New research presented at the American Heart Association (AHA) EPI|Lifestyle Scientific Sessions 2026 highlighted that excess fat stored around the waist, known as central obesity or visceral fat. It is a more powerful predictor of heart failure risk than overall bodyweight as measured by body mass index (BMI). The findings suggest that fat distribution in the body matters more than total body weight. Individuals with higher wrist circumference or waist-to-height ratios were found to have a significantly increased risk of developing heart failure, even when their BMI falls within the normal range. This challenges the traditional reliance on BMI as the primary measure of obesity-related health risk and suggests that clinicians must incorporate waist measurements into routine assessments to better detect at-risk individuals.
The study detected systemic inflammation as a key factor linking abdominal fat to heart failure. Inflammation measured using biomarkers like high-sensitivity C-reactive protein (hs-CRP) accounted for about one-quarter to one-third of the association between visceral fat and heart failure risk. This indicates that excess belly fat can contribute to heart failure largely by promoting chronic inflammation throughout the body, which can damage blood vessels, disrupt immune responses, and lead to structural changes in the heart, like fibrosis or scarring. Over a median follow-up period of 6.9 years, 12 out of 1,998 participants developed heart failure, and those with higher levels of inflammation were more likely to experience this outcome. Notably, increased BMI was not linked to a higher risk of heart failure in this study, further reinforcing the limitations of BMI as a standalone metric.
The research collected data from the Jackson Heart Study, which included African American adults aged 35 to 84 years from communities in Jackson, Mississippi, who were initially free of heart failure. Participants were followed for nearly 7 years, and multiple measures of body composition were analyzed alongside inflammatory biomarkers to explore their relationship with cardiovascular outcomes. As per the lead researcher, Szu-Han Chen, these findings help explain why some individuals develop heart failure despite having a seemingly healthy body weight, underscoring the importance of monitoring central obesity and inflammatory markers in clinical practice. This study aligns with prior guidance from the AHA, which has identified systemic inflammation as a major contributor to cardiovascular disease and a potential target for prevention strategies.

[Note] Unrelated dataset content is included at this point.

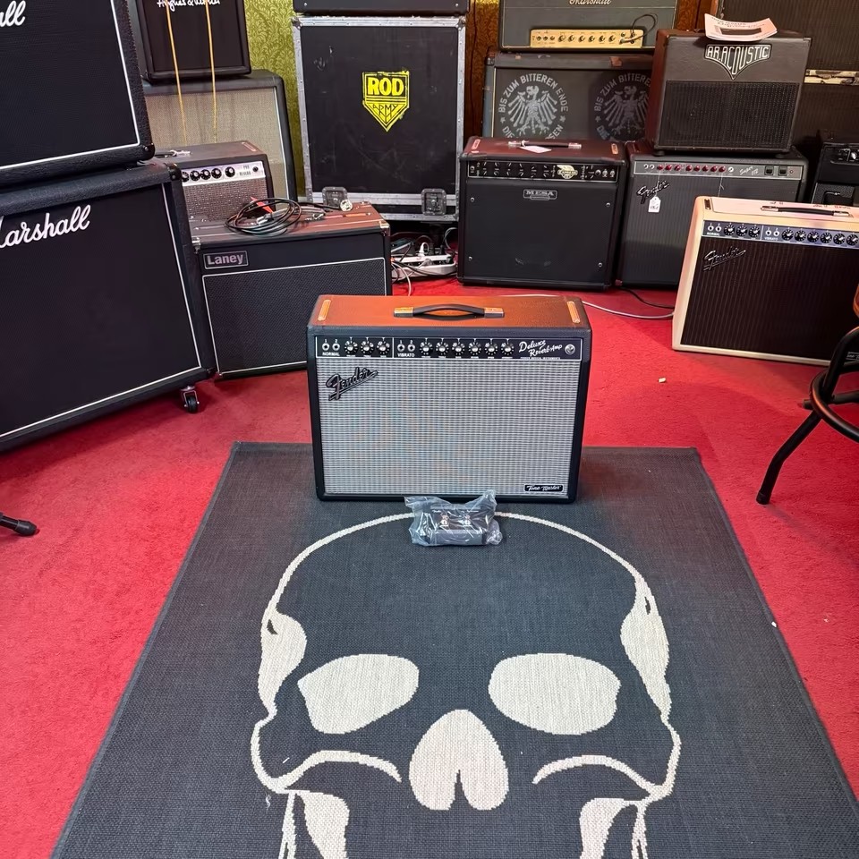 Der Fender Tone Master Deluxe Reverb Verstärker liefert trotzt Verzicht auf die traditionellen Vakuumröhren den authentischen Sound des legendären Combo-Amps ohne Abstriche in Klangverhalten und Dynamik zu machen. Verantwortlich hierfür sind ein DSP mit massiver Rechenpower, der die komplexen Interaktionen der originalen Röhrenschaltung detailliert nachempfindet, und eine optimal abgestimmte 100 Watt Class-D-Endstufe, die in Sachen Headroom und Dynamik nicht vom 22 Watt 6V6-Original zu unterscheiden ist. Zum hervorragenden Klang und erfreulich geringen Gewicht des Tone Master Deluxe Reverb Combos tragen darüber hinaus das resonante Gehäuse aus massiver Kiefer und der 12″ große Jensen N-12K Neodym-Lautsprecher bei. Wie gewohnt bietet der Combo-Amp einen Normal-Kanal für die typischen Fender-Cleans und einen Vibrato-Kanal, der mit Reverb- und Vibrato-Effekten umfangreiche Klangoptionen bereit hält. Als Tribut an moderne Einsatzbereiche auf der Bühne und im Recording-Studio verfügt der Fender Tone Master Deluxe Reverb außerdem über eine
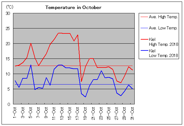 | 10月3日 | 12.6 / 6.5 | 13.7 / 8.5 | 1 | 10月18日 | 12.6 / 6.5 | 7.4 / 3.4 | 0 |

Inflammation plays a central role in the development of heart disease by contributing to endothelial dysfunction, plaque formation, and myocardial damage, even in individuals without traditional risk factors such as high cholesterol. The results support the idea that reducing inflammation by lifestyle changes, medications, or other interventions could help lower the risk of heart failure in individuals with central obesity. Sadiya S. Khan noted that incorporating measures of central adiposity into risk prediction models may improve early detection and prevention efforts. However, further research is needed to determine whether these measures provide additional predictive value beyond existing tools. The study has limitations, including a lack of data on specific subtypes of heart failure, meaning the findings apply broadly rather than to specific forms of the condition.
Future research should explore how visceral fat and inflammation influence different types of heart failure and whether targeted interventions to reduce inflammation can effectively prevent or delay disease onset. Overall, this study provides important insights into the complex relationship between body fat distribution, inflammation, and cardiovascular risk. It highlights the potential for more personalized and precise approaches to assess and manage heart failure risk beyond traditional measures like BMI.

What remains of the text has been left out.